◆ ASSIGNMENT: Return only the lines of the listing below that run from the line with "CW Aid directly" through the line with "Please visit our", both ends included, exactly as written.

◆ RECORD EXCERPTS:
————————

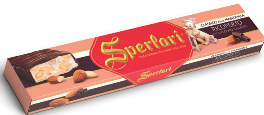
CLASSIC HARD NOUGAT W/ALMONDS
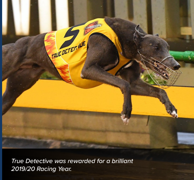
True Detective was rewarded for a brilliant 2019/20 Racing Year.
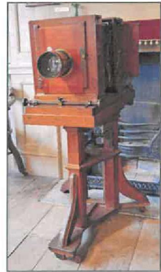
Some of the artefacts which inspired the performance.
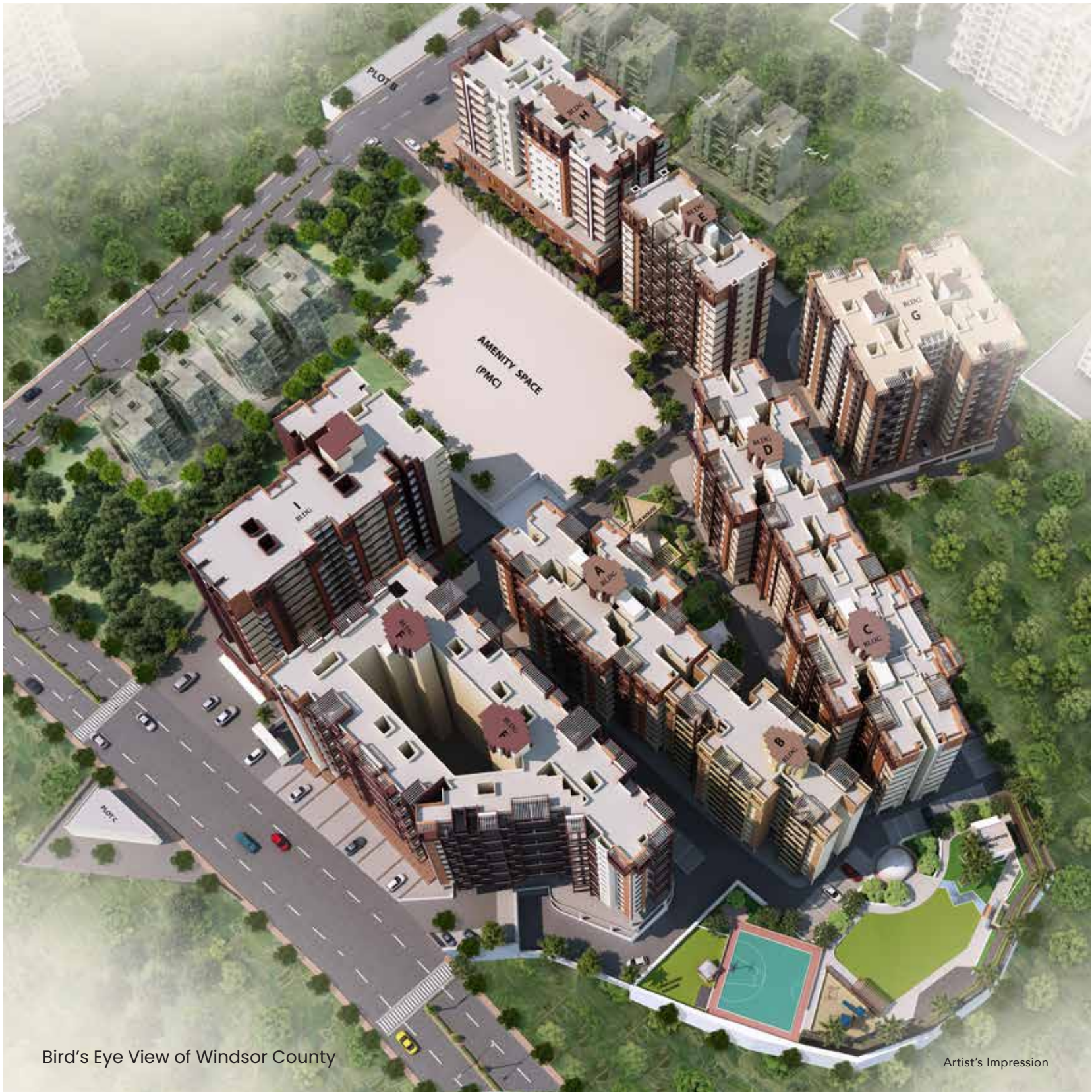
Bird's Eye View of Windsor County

————————

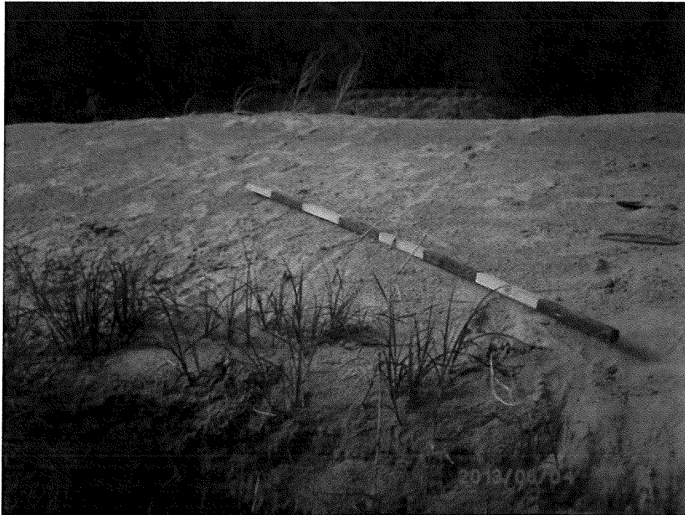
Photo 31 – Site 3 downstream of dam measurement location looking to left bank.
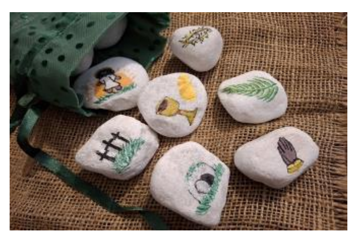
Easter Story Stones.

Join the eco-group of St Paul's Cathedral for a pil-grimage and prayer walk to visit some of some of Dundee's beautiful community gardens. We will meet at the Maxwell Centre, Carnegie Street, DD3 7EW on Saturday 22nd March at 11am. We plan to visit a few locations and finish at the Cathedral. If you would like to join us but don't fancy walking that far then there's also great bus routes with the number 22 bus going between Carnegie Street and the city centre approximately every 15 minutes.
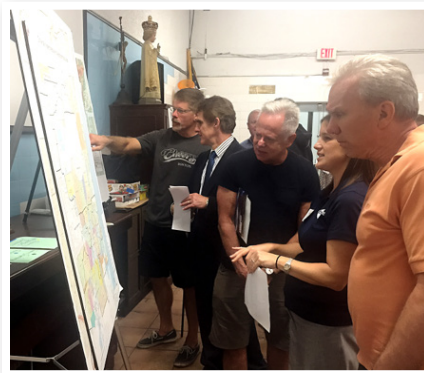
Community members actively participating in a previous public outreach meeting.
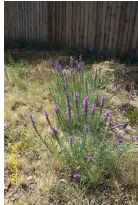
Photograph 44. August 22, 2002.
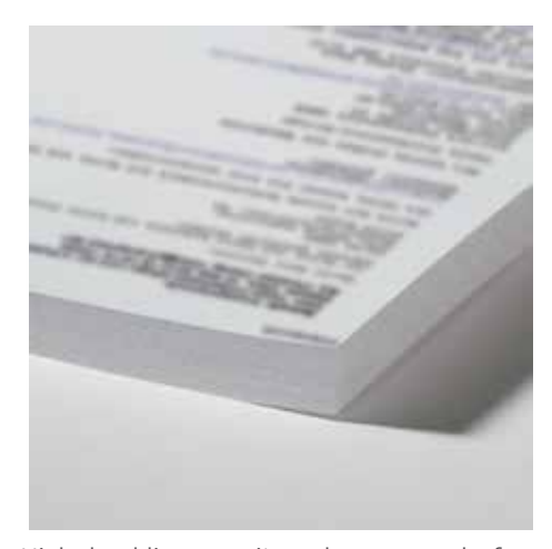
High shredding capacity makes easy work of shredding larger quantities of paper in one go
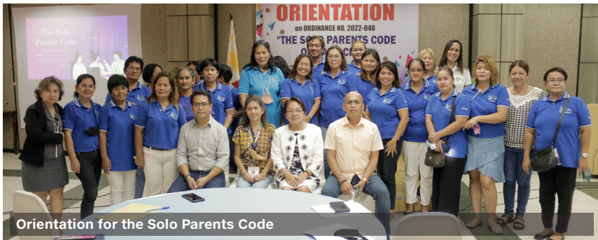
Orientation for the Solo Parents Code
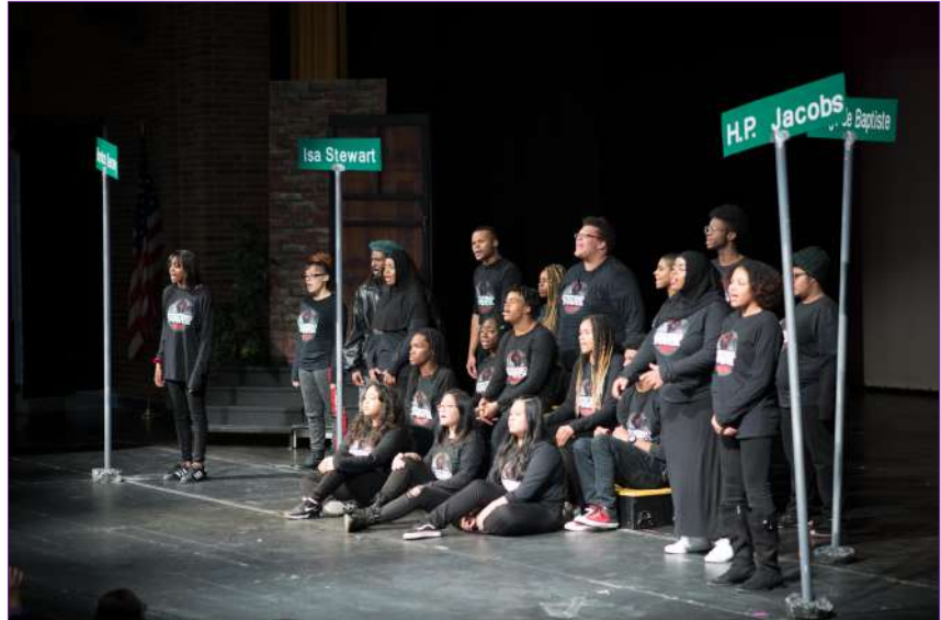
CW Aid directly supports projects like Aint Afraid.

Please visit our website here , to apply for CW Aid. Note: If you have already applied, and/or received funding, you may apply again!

————————

◆ YOUR RESPONSE:
CW Aid directly supports projects like Aint Afraid.

Please visit our website here , to apply for CW Aid. Note: If you have already applied, and/or received funding, you may apply again!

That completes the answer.